Fire Department board member Jack Twilley announced that the Annual BVFD Fish Fry will be held on April 5 at Yett park from 4 to 8 p.m. There will be a static helicopter display as well as firefighter demonstrations and other entertainment. Admission and dinner is by donation.

Blanco Police Chief Mike Ritchey reported the number of calls was down in February due to a shorter month and four snow days. He said follow-up work is keeping officers bogged down. He asked that a reminder of the Trash-Off be sent to citizens with their water bill. Last year the department, along with code compliance, issued seven or eight letters to people to clean up their properties. He said fines were levied in some cases, and two houses were leveled. “We’re just asking people to come into compliance with what the people of Blanco want,” he said.

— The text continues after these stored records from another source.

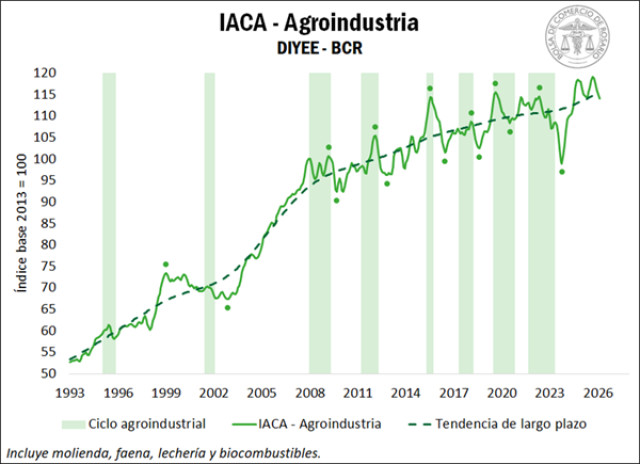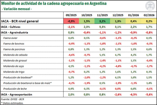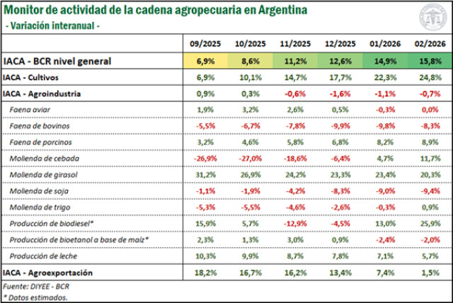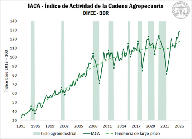 El Índice de Actividad de la Cadena Agropecuaria (IACA-BCR), que elabora la Bolsa de Comercio de Rosario, volvió a crecer en febrero, registrando una tasa de cambio del 0,2% respecto al mes anterior. De esta manera, se posicionó en un nuevo máximo histórico, encadenando cuatro meses consecutivos en niveles récord. En la comparación interanual, la serie se ubicó 15,8% por encima del mismo mes de 2025.
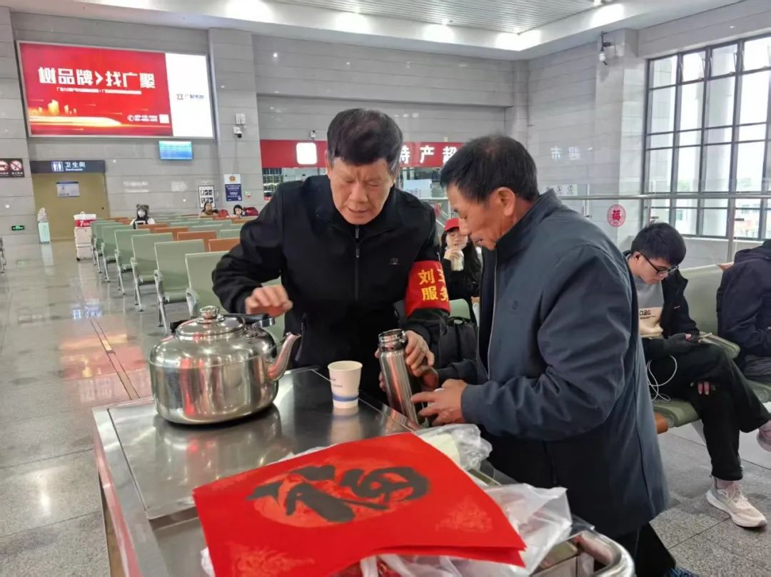 2025年春运期间,玉林站内人头攒动,客流如织。“来,喝一杯热开水,小心烫。”“这趟车在二楼候车,还有一个小时才开车,别着急。”……候车室内,“五老”刘玉生推着服务车穿梭在人群中。当旅客需要开水时,他细心接过水杯,拿起开水壶接满后,再小心递回;当旅客咨询问题时,他耐心解答,有时一句话反复说上好几遍,丝毫没有不耐烦……刘玉生细心周到的服务,一如既往。
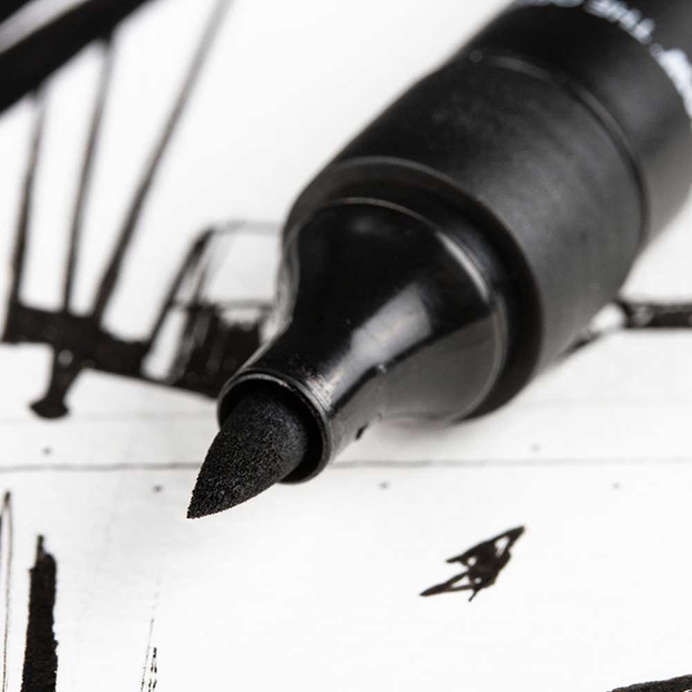 Der neue Blackliner Brush hat die gleichen permanenten, dokumentenechten Tinteneigenschaften wie die restlichen Blackliner. Mit einem größeren Body und einer breiteren Pinselspitze ist der Marker ideal zum Kolorieren von größeren Flächen. Mit dem Blackliner Brush lassen sich Handlettering und Kalligrafie prima umsetzen. Die absolute Besonderheit: die deckende Tinte ist auf Wasserbasis und trotzdem wasser- und chemikalienbeständig, sowie ausbleichsicher. 1 Farbton: schwarz.
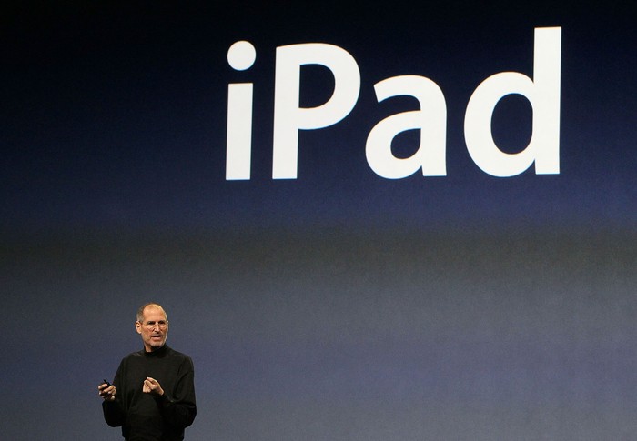 Steve Jobs saat memperlihatkan iPad generasi pertama. Foto: Justin Sullivan/Getty Images
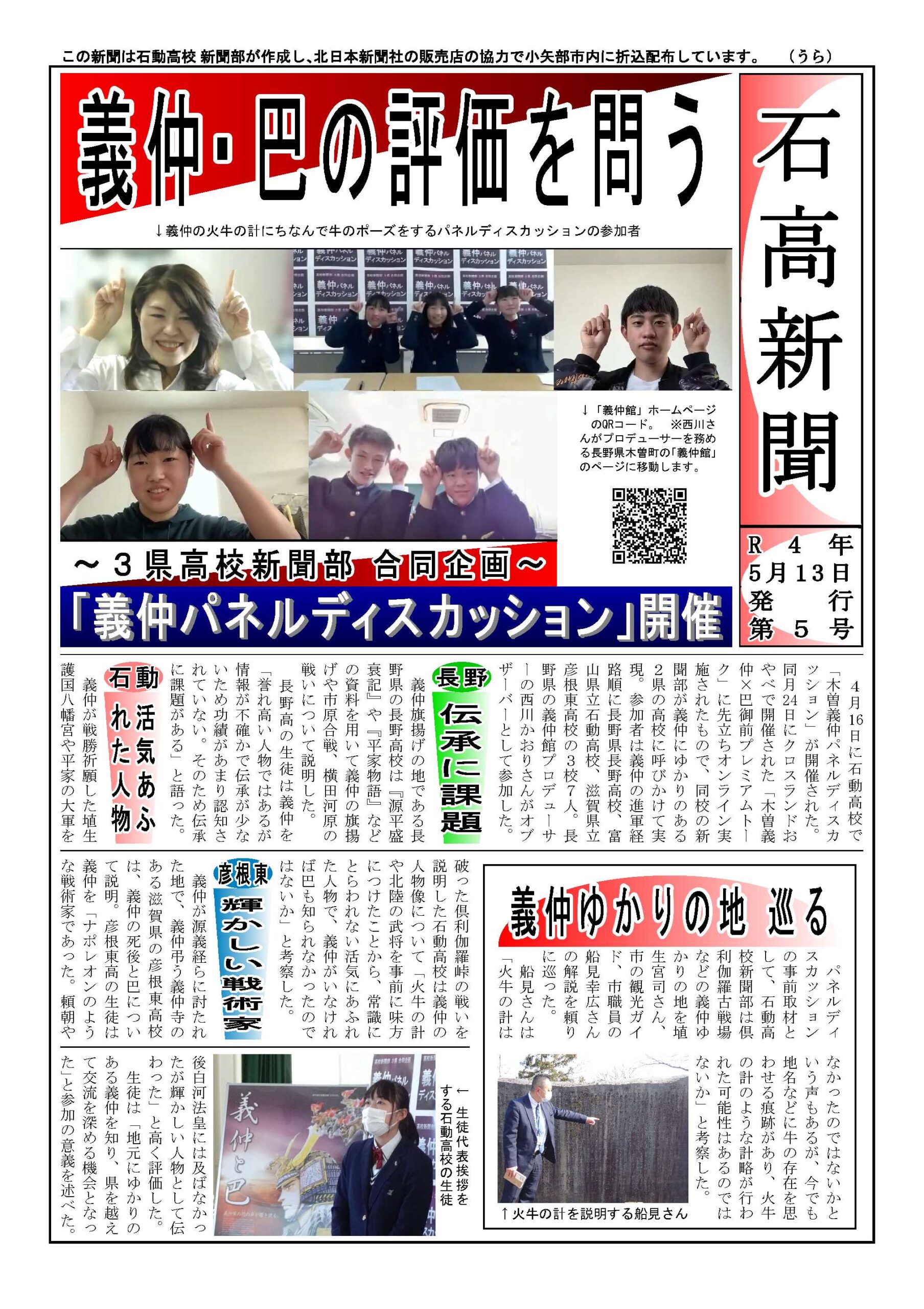 新聞やテレビなどのメディアに取り上げていただいたのをご存知の方もいらっしゃって、今回の義仲と巴に関する高校生の活動を評価していただけたことはこれ以上ない喜びです。

Chief Ritchey submitted a second estimate for paving the parking lot of the police department, as council members had requested at the February meeting. He clarified that the estimate provided the correct ratio of permeable and impermeable covering, as required by Blanco’s UDC. Mayor Homan apologized that council could not vote on Ritchey’s proposal, since the discussion had not been tabled at the previous meeting and was not an agenda item at this meeting. Council agreed to hold a special meeting next week to vote on the paving proposal. Finally, Chief Ritchey announced that the new CopSync program has been initiated by the police department and has the capacity to send data directly from each police cruiser to department headquarters. The program is paid for until March 2016.

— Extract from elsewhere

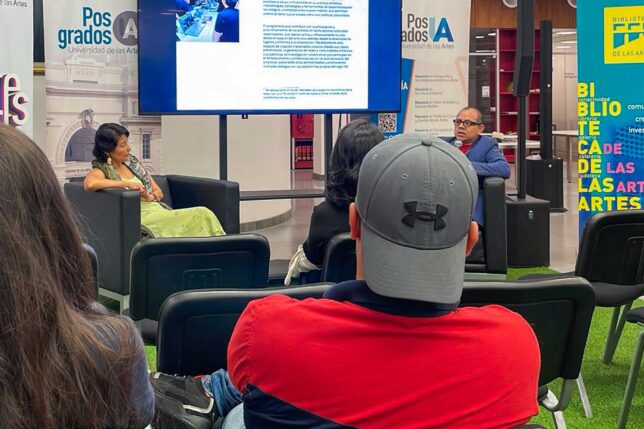 El lanzamiento de las maestrías de Gestión de la Cultura y de las Artes y de Artes Visuales y Nuevos Medios, con la participación de sus coordinadores: los docentes Ángela Arboleda e Ilich Castillo, respectivamente, junto con el director de la Escuela de Posgrados Cristian Villavicencio, dieron inicio a las varias actividades propuestas por la Escuela de Posgrado para dar a conocer la oferta académica de cuarto nivel de la Universidad de las Artes.
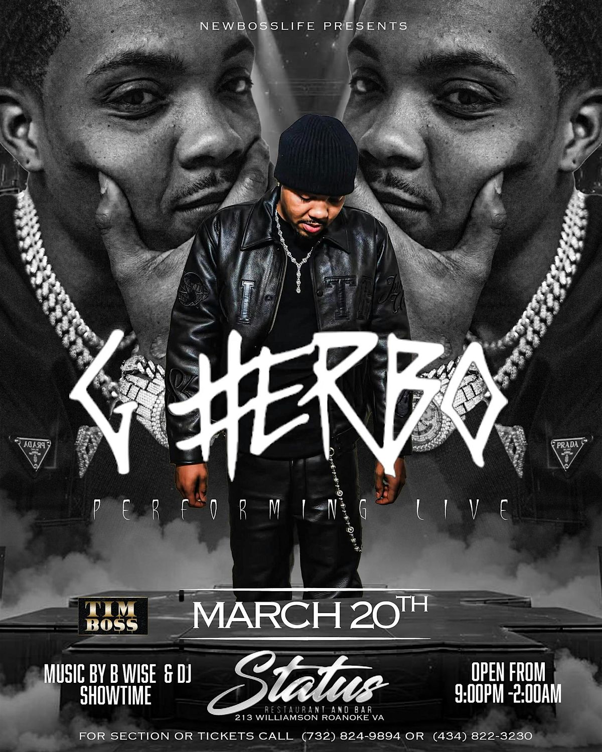 G Herbo performing live on 3/20/2026 at Status Lounge in Roanoke Va the return of Flashy Friday music by DJ Showtime & B Wise

In Executive Session, council members consulted with the city attorney concerning hiring a project engineering consultant for the proposed new sewer plant. Council also discussed hiring a part-time clerical person for the police department and reducing the current office manager’s position to part-time. Finally, council reviewed resumes for the city secretary position and discussed a proposed salary. Following Executive session, council voted to approve the transition from full-time to part-time for the current police department office manager but not to hire another person. A special meeting was to be held Monday, March 17, to vote on hiring a project engineering consultant for the sewer plant project, to interview six applicants for the city secretary position, and to approve one of the bids for paving the police department parking lot.